Re: Gauss Table Creation
by on (#237906)
What I don't understand about the formula,
Code:
  for i=0 to 511
    k = (0.5 + i)
    s = (sin(PI * k * 1.280 / 1024)  )          ;for PSX: Use 2.048 instead of 1.280
    t = (cos(PI * k * 2.000 / 1023)-1)*0.50
    u = (cos(PI * k * 4.000 / 1023)-1)*0.08
    table[511-i] = s * (t + u + 1.0) / k
  next i
how and why does that magically result in,
Code:
  table[0+i] + table[255-i] + table[256+i] + table[511-i] = constant     ;with "i=0..127", and "constant" being same in each case
is there some maths rule that could explain that effect?

Currently, the groups of four values don't sum up to the exact same constant. But it's almost perfect, and when understanding why it is so close, then one could perhaps improve the formula to get totally perfect results (and no longer needing the extra steps for fixing the errors in sum of four values).

There are some webpages explaining what happens when adding or multiplying sine and cosine values, maybe that could explain how the formula works. The extra difficulty is the "divide by k" step.

Hmmmm, or is the formula just working because it was supposed to match Sony's gauss tables? I wouldn't be surprised if changing a few parameters in the formula could be used to reproduce the shape of a chicken's egg - which wouldn't mean that Sony (or the chicken) had actually used that formula for creating eggs.
Re: Gauss Table Creation
by on (#237911)
nocash wrote:
Hmmmm, or is the formula just working because it was supposed to match Sony's gauss tables?

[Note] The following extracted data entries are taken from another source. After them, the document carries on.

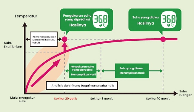 Mungkin Anda pernah mengalami situasi di mana Anda mengukur suhu tubuh dengan menyisipkan termometer ke ketiak dan dalam waktu singkat mendengar suara "bip" yang menandakan pengukuran telah selesai. Sebenarnya, sebagian besar termometer yang beredar saat ini adalah termometer prediktif. Meskipun memiliki keunggulan dalam waktu pengukuran yang singkat, namun sebaliknya, suhu yang ditampilkan setelah pengukuran hanyalah "prediksi." Oleh karena itu, perlu diingat bahwa dapat terjadi kesalahan dalam suhu dibandingkan dengan termometer aktual, dan suhu tubuh dapat berubah setelah pengukuran, sehingga perlu diperhatikan dengan baik
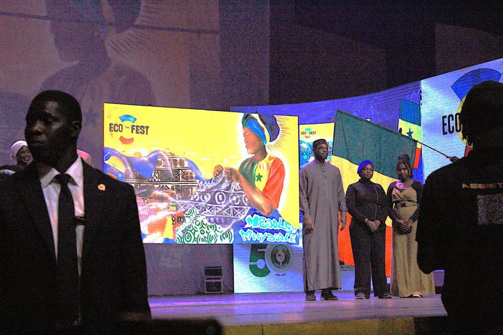 Le Premier Ministre du Sénégal, Ousmane SONKO, représentant le Chef de l’État, a ensuite pris la parole. Dans son Il adresse, il a exprimé, au nom du Président, ses encouragements aux initiateurs du projet et invité la jeunesse ouest-africaine à s’approprier cette dynamique culturelle porteuse de stabilité et de développement. Il a également exhorté la CEDEAO et l’UEMOA à pérenniser ce cadre de brassage et d’intégration régionale. En outre, souhaitant la bienvenue aux festivaliers, il les a encouragés à profiter pleinement de leur séjour en terre de la teranga avant de déclarer officiellement ouverte la première édition d’ECOFEST.
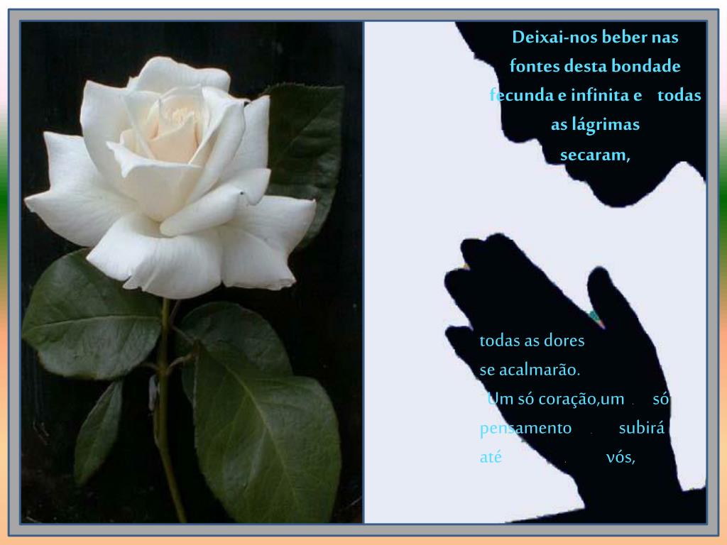 nós O esperamos com os braços abertos. • Oh bondade !Oh beleza !Oh perfeição ! E queremos de alguma sorte, Pai, merecermos Vossa Misericórdia. .
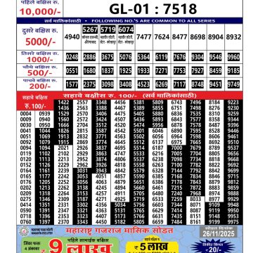 Maharashtra Gajlaxmi Lottery Result 01/12/25 01/12/25 Leave a Comment on Maharashtra Gajlaxmi Lottery Result 01/12/25 Share: XFacebookPinterestRedditVKDiggLinkedinMix Related Articles 0 137 Maharashtra Gajlaxmi Lottery Result 13/10/25 0 146 Maharashtra Gajlaxmi Lottery Result 04/10/25 0 86 Maharashtra Gajlaxmi Lottery Result 11/5/25 0 90 Maharashtra Gajlaxmi Lottery Result 11/11/25

I wouldn't be surprised if changing a few parameters in the formula could be used to reproduce the shape of a chicken's egg - which wouldn't mean that Sony (or the chicken) had actually used that formula for creating eggs.

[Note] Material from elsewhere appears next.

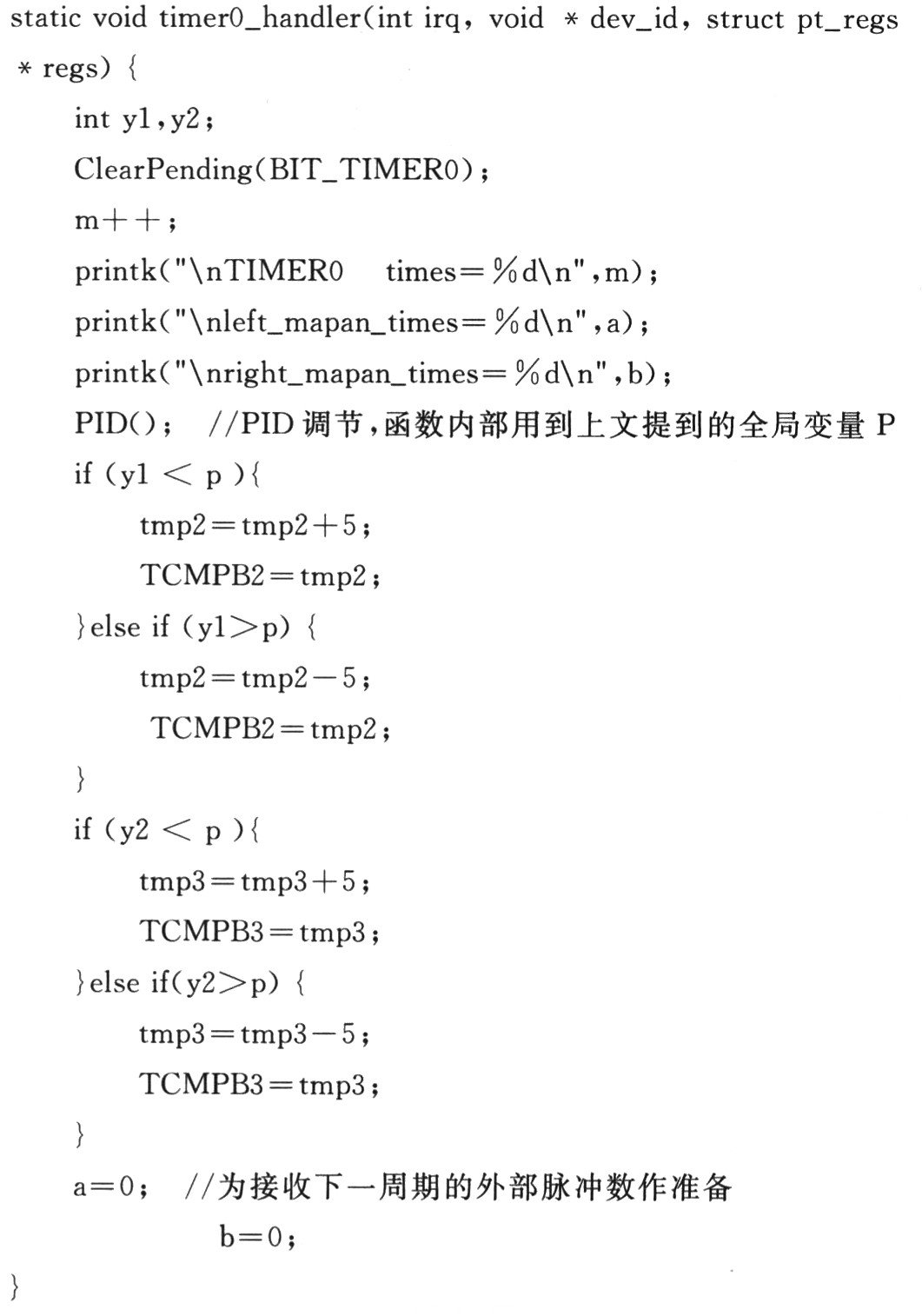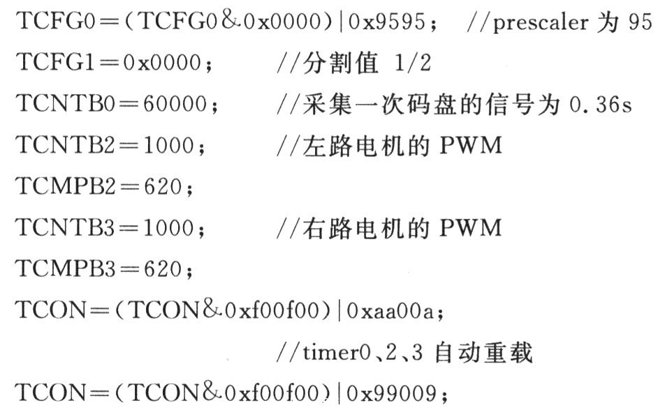 以下所有的函數(shù)都是在ioctl()中實現(xiàn)的。在Dcmo-tor_STart里調(diào)用timer0_2_3_start(),設(shè)置timer0為接收兩路電機的碼盤信號,并檢測電機速度;timer2、timer3提供2路PWM輸出,并設(shè)置定時器自動重載。具體實現(xiàn)如下:
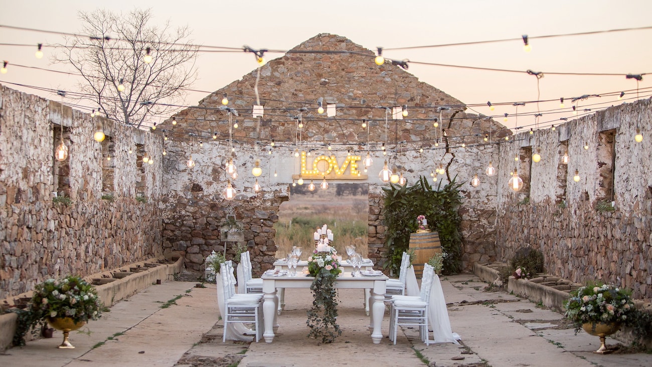 Just look at that picture! Isn’t it GORGEOUS? I don’t know about you, but I have this thing about ruined and abandoned buildings (which is probably one of the reasons I was so excited to go to Cuba a few weeks ago), and the idea of a wedding in a place that’s got that lost and found, slightly haunted vibe about it is just delicious. Add in dozens of lights, beautiful blooms and elegant table decor and you have this incredible contrast between rustic ruins and classic black tie that’s nothing less than… magical. That’s why I am so excited to share this beautiful styled shoot by Lilly and Lace Photography and NadiaM (and their talented vendor team) with you this afternoon. I just want to step into the world they’ve created, and lose myself in this pretty fantasy. Sigh!

Indeed. The importance of algorithms over constant tables isn't just to remove a few lines from a source code file, it's to show you what the constants mean. That's why the NES color generation formula is worth its weight in gold. There's an infinite number of algorithms to produce any table, and we'll never know which one is correct here unless Sony tells us.

But by finally having a bit-perfect algorithm, it's a solid base. Now we can try and understand why values are what they are, and what significance they have. It's a critical starting point. I'm excited to see what happens from here.